My Ex wasn't mean to me, but she could at times be unpleasant to be around, but that isn't a reason to just shut down. I find it curious that he is going to IC for clarity. That could be good or bad. Either way, I would get some clarity too. If you're life is isn't in order, emotionally or financially, I'd begin to get that house in order. The best preparation for being divorced in my opinion is having your finances in order and being comfortable being alone for awhile.


----------



## Openminded (Feb 21, 2013)

Having sex with someone who’s tired of being married to you and is apparently pretending to be single is a big mistake. Don’t.


----------



## Skookaroo (Jul 12, 2021)

Honestly, I’m just sitting here wondering how you can have sex with someone who feels that way about you. For me that would be impossible!


----------



## Diceplayer (Oct 12, 2019)

Without getting defensive, take a good, honest, hard look at yourself and ask if you are or have been doing things to drive him away. You can't change him, but you can change yourself. Think back to the time when you were dating him. When you were trying to make him yours. How do you talk to him differently now compared to then? How do you dress, walk and act differently around him now compared to then? You have already admitted that you say mean things to him. Try this; stop being his wife and be his girlfriend. When he comes home, be wearing something nice, bring him a beer or whatever he likes to drink and sit on his lap and ask him about his day. See how he responds to that. 

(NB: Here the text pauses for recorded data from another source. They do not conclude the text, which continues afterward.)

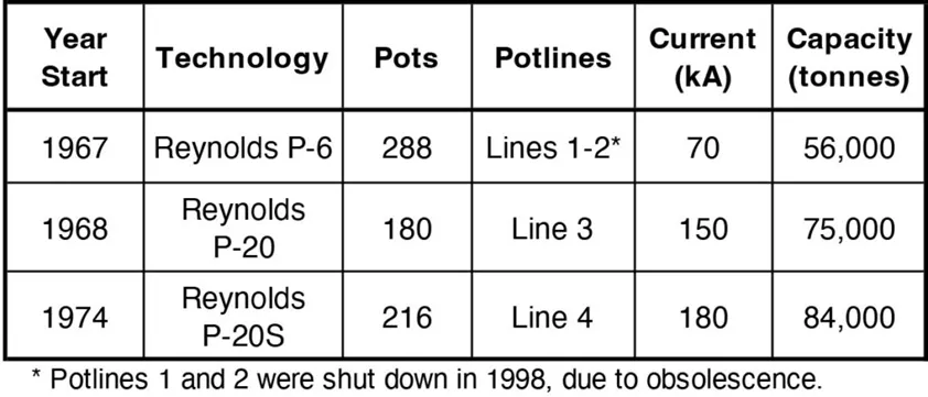 在完成一期电解槽的建造和启动后,冶炼厂的设计产能增加到10000吨原铝。随后,又建造并启动了三条额外的生产线,使其额定产能达到每年12万吨。多年来,冶炼厂的用电量因运营能力而异,潜在的最大电力需求超过400兆瓦。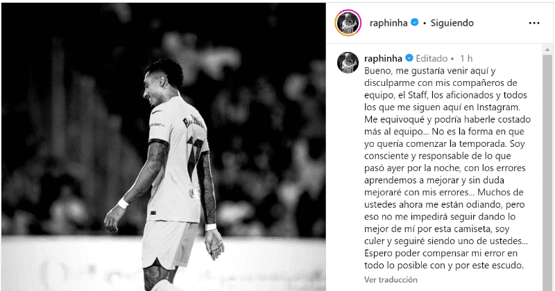 Ya con la cabeza fría después de la noche polémica que se vivió en el empate 0-0 entre Barcelona y Getafe, el brasileño mandó un sentido mensaje a los fanáticos blaugranas disculpándose: "Quiero disculparme con mis compañeros, personal, aficionados y seguidores. Me equivoqué y el equipo perdió. No era el comienzo que quería".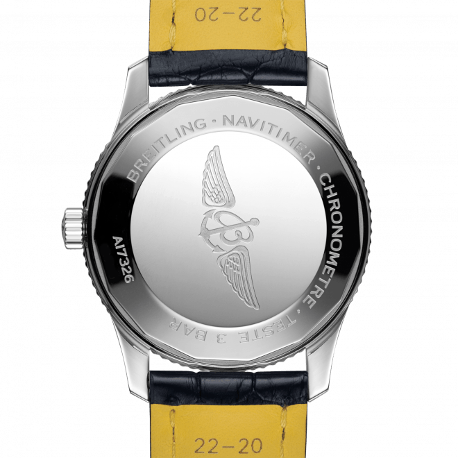 The Breitling Navitimer 1 Automatic 41 gives a different take on the Navitimer. Effortlessly combining the historic appeal of a true icon with the refinement of a sophisticated, contemporary timepiece. The watch features Breitlingās famous circular slide rule, as well as a distinctive beaded bezel in a 41mm stainless steel case. Its elegant, three-hand dial comes in cool blue and is rounded off with a date window at the 6 oāclock position. It is powered by the Breitling Calibre 17, a COSC-certified chronometer. The hour markers, as well as the hour and minute hands, are coated with Super-LumiNovaĀ®, a luminescent material that ensures excellent legibility in all lighting conditions. This Navitimer 1 Automatic 41 is on a blue alligator strap with a folding buckle. Compact, comfortable and cosmopolitan, it is an elegant reinvention of a timeless, legendary watch.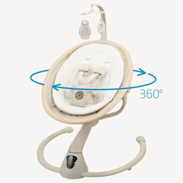 Cocooned in the soft, padded inlay, your baby will comforted by the 12 melodies and nature sounds that Cassia plays. Wherever you are in the room, the 360⁰ rotation ensures you always have eye-contact with your little one.

My wife and I went through a time where she was just hateful toward me. We too had two young children at home. I was working the night shift and had just gotten up one afternoon when she started in on me. That's when I told her that 'I had rather work double shifts and sleep on a cot at the plant rather than come home to you.' That one statement opened her eyes and she realized what she was doing to us and our marriage. Not saying that's what's going on in your marriage, but you need to look inwardly at yourself and see what you are contributing to the problem.

You have two young children. Do you really want to create a situation where you only see them 50% of the time for the next 10 years?


----------



## Laurentium (May 21, 2017)

Momof2boygirl said:


> He says I became mean and said hurtful things once our second child was born. I know I have said mean things out of frustration


I suggest you stop that, if you want to be with him. Or, leave.


----------